Cheltenham Festival: Questions to ponder for 2023

March 9th, 2023

Nothing grabs the attention of racing fans in Britain and Ireland like the Cheltenham Festival. The four-day event for jumps horses in Gloucestershire is the second-biggest betting event in Britain, behind only the Grand National — and unlike that event, which attracts more once-a-year punters, this is one for the purists.

That’s because it’s the Breeders’ Cup of British and Irish jumps racing. Of the 28 races, 13 are Grade 1 events held at set weights. As with the Breeders’ Cup, if you win a Grade 1 event at Cheltenham, you are 90 percent likely to be regarded as the champion horse in your division for the season. In other words, you will be watching the best of the best.

Here are some posers to watch for as the festival unfolds.

1. How much will the Irish horses dominate?

For many years, anyone walking around Cheltenham during Festival week might wonder if they are in Ireland, given the accents you hear on the streets. The Irish have always added color to the occasion, but in recent years the Irish stables have been more dominant than ever before.

In 2021, Irish dominance was almost total: they won 23 of the 28 races. Last year, the Brits fought back, but there were still 18 Irish victories compared to 10 for the locals, including all seven races on the last day.

Britain will still produce some good winners, with Nicky Henderson, in particular, having some exciting prospects, but the Irish scene is incredibly strong and is likely to dominate again.

2. How many winners will come from the Willie Mullins stable?

One of the main reasons Irish stables have dominated in recent years has been the strength of the Willie Mullins stable. He already holds the Cheltenham record of 88 total festival wins, and last year set a record with 10 individual winners. This year, he has the pre-post favorite or joint-favorite in 10 races at the time of writing — more than the British-trained contingent combined, who have seven favorites or joint-favorites. That number may increase by starting time.

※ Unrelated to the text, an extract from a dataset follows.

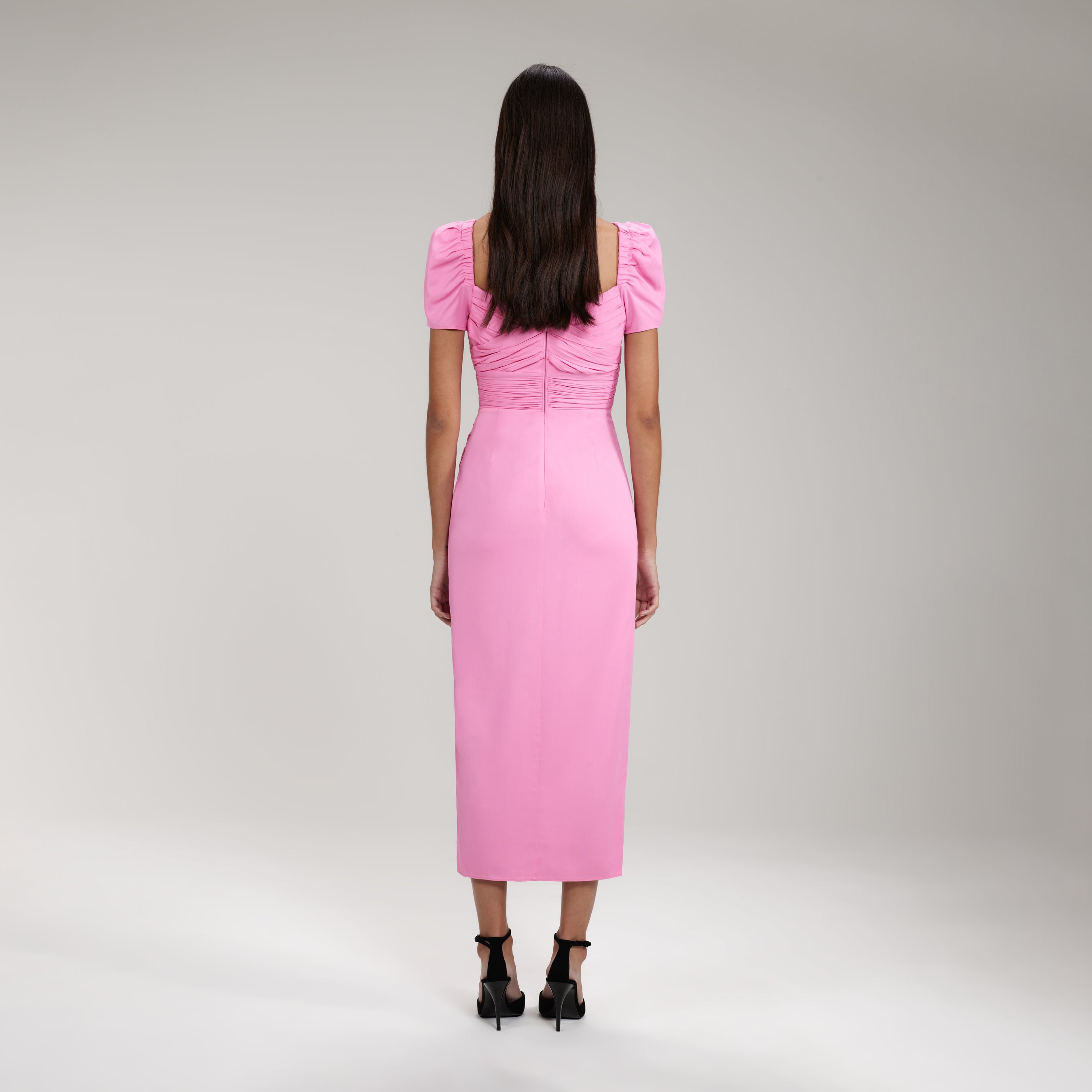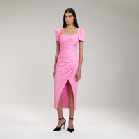 Accented by a sweetheart neckline and a gathered bodice, this pink midi dress will hug you in all the right places. A box pleat design give its sleeves a padded effect - a sure way to create the impression of a slimmer waist. Stretch crepe fabric ensures comfort as the sultry side split and classical draping sculpts out your figure — whether you’re entertaining guests at home or out on the town. Check the Size Guide to find your perfect fit.

It’s not beyond the realm of possibility for him to get the 12 wins he needs to reach the 100 mark. His most exciting horses to watch will be Gold Cup (G1) favorite Galopin Des Champs and Champion Hurdle (G1) second favorite State Man.

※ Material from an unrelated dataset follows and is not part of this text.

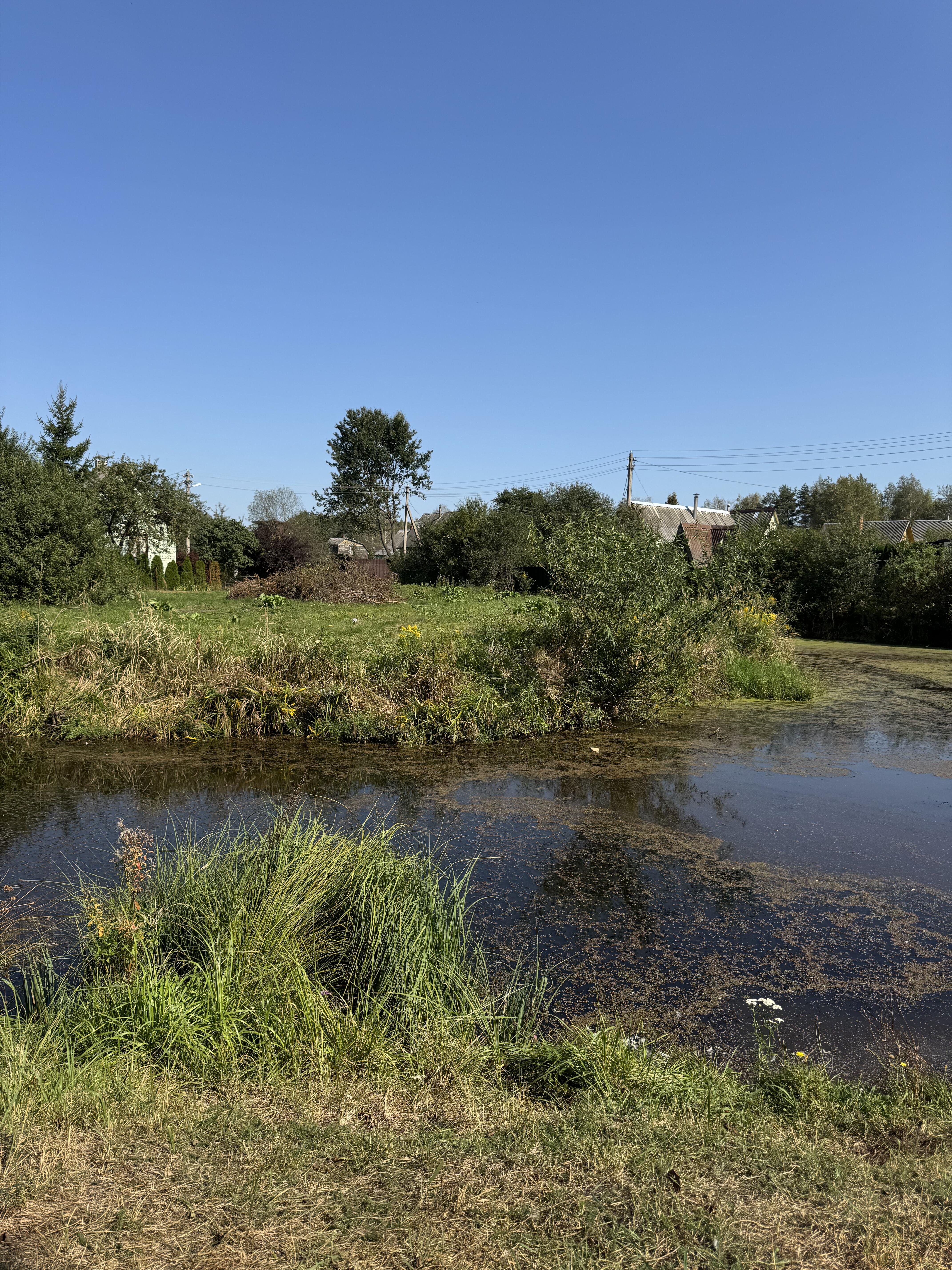 Участок ровной формы, вблизи находится небольшой пруд для рыбалки .

3. What will the longest-priced winner be?

There’s always a chance of a big price in a Grade 1 event — there have been 100-1 winners of the Gold Cup — but the best chance of a big price will be in the handicaps.

Like Royal Ascot, the Cheltenham Festival has a number of highly competitive handicaps, many of which are outstanding betting races. Often you will get favorites starting around 6-1, so if you get your tips right in these, you could be in for a big payout.

With fields well in excess of 20 horses in some of these, there’s always the potential for a serious outsider to come in. Last year, Commander Of Fleet took the Coral Cup (G3) at 50-1, while the Fulke Walwyn Kim Muir Challenge Cup for amateur jockeys went to 40-1 chance Chambard.

My preference for handicaps is to find a young, unexposed horse on the way up that the official handicapper hasn’t quite caught up with. But that doesn’t always work, so if you have a longshot you like, don’t be afraid to support it!

4. Will Constitution Hill prove the hype?

Twelve months ago, novice hurdler Constitution Hill put up a performance for the ages when winning the Supreme Novices Hurdle (G1). It was so impressive that ratings gurus thought he was better than that year’s Champion Hurdle (G1) winner Honeysuckle, who was unbeaten at the time. She has since suffered a couple of defeats, while Constitution Hill has put up two exceptional winning efforts. Many think he could be one of the greats, and the Champion Hurdle on Tuesday will be the time to prove it.

5. Can Galopin Des Champs atone for last year’s bad luck?

Willie Mullins’ novice chaser Galopin Des Champs had blown away his opponents in the Turner Novices Chase (G1) approaching the last fence, only to fall with the race totally at his mercy. Since then, he’s raced three times, all in Grade 1 company in Ireland, and hasn’t been seriously troubled. He seeks to put his name into history in the biggest race of the festival, the Cheltenham Gold Cup (G1). He has some good horses to beat, among them last year’s winner A Plus Tard. Friday’s big race will give us a clue just how good he might be.